This is a simple web application built with Flask, TensorFlow, and OpenCV to classify images as either a dog or a cat. The model used for classification is a Convolutional Neural Network (CNN) trained on a dog vs cat dataset.
- Upload an image (PNG, JPG, or JPEG format) of a dog or a cat.
- The model classifies the image as either "Dog" or "Cat".
- Flask-based web interface for user interaction.
- Backend: Flask (Python web framework)
- Machine Learning: TensorFlow, Keras
- Image Processing: OpenCV
- Deployment: Heroku (or any other preferred platform)

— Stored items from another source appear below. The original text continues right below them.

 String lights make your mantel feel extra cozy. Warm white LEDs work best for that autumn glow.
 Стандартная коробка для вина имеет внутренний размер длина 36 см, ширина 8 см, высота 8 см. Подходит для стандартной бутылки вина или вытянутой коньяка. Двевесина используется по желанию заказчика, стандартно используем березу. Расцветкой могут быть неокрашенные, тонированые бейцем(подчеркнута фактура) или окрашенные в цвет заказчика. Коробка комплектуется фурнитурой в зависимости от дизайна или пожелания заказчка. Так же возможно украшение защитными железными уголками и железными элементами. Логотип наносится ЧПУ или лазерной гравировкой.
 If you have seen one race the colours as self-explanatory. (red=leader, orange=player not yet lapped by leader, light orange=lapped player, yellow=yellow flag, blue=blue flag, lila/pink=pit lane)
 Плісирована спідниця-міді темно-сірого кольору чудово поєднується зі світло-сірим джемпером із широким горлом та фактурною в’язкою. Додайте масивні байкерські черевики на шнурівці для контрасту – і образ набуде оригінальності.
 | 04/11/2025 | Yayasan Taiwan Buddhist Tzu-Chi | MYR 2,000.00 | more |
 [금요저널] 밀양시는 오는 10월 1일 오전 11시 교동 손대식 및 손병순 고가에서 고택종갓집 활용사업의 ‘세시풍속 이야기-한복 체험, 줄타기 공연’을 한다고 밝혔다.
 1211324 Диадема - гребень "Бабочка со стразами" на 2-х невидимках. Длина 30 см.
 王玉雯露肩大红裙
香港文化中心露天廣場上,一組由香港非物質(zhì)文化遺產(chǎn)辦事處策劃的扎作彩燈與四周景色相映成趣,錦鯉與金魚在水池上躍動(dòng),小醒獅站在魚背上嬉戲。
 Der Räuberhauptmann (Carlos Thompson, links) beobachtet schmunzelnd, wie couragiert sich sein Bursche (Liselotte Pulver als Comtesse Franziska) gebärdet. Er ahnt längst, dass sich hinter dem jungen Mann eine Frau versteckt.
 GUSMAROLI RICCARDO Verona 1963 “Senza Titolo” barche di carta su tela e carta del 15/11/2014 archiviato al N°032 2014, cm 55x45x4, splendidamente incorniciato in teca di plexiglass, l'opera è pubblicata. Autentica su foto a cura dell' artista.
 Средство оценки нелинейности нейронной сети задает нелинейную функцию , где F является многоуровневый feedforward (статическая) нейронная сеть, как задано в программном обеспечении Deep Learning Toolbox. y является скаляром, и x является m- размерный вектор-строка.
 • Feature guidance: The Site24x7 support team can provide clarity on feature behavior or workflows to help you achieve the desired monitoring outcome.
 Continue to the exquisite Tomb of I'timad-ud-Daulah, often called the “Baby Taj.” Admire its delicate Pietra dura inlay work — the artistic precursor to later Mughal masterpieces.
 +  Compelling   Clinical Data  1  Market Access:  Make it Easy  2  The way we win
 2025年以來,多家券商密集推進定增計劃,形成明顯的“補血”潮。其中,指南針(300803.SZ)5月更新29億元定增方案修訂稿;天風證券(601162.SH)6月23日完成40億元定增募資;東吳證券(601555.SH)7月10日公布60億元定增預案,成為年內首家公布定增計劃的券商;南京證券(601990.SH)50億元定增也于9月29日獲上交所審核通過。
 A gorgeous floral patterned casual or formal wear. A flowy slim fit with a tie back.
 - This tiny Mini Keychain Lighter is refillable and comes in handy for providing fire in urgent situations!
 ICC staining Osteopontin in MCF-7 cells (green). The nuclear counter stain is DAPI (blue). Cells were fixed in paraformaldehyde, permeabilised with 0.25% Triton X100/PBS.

Before running the application, make sure you have the following installed:
- Python 3.7+
- pip (Python package installer)
Follow these steps to run the project on your local machine:
- Clone the repository:
- Navigate to the project directory:
- cd dog-vs-cat-classification
- Create and activate a virtual environment (optional but recommended):
- On Windows:
- python -m venv venv
- .\venv\Scripts\activate
- On macOS/Linux:
- python -m venv venv
- source venv/bin/activate
- Install the required dependencies:
- pip install -r requirements.txt
To run the app locally, use the following command:
- python app.py
- Visit http://127.0.0.1:5000 in your browser to interact with the application.
- Open the application in your web browser.
- Upload an image of a dog or a cat.
- The model will process the image and display whether the image is a "Dog" or "Cat".
The model used for classification is a pre-trained Keras model (dog_vs_cat_classification.h5). If you want to retrain the model, follow these steps:
- Gather a dataset of dog and cat images.
- Preprocess the images (resize to 224x224 and normalize).
- Train a Convolutional Neural Network (CNN) on the dataset using Keras/TensorFlow.
- Save the model as dog_vs_cat_classification.h5 and place it in the project directory.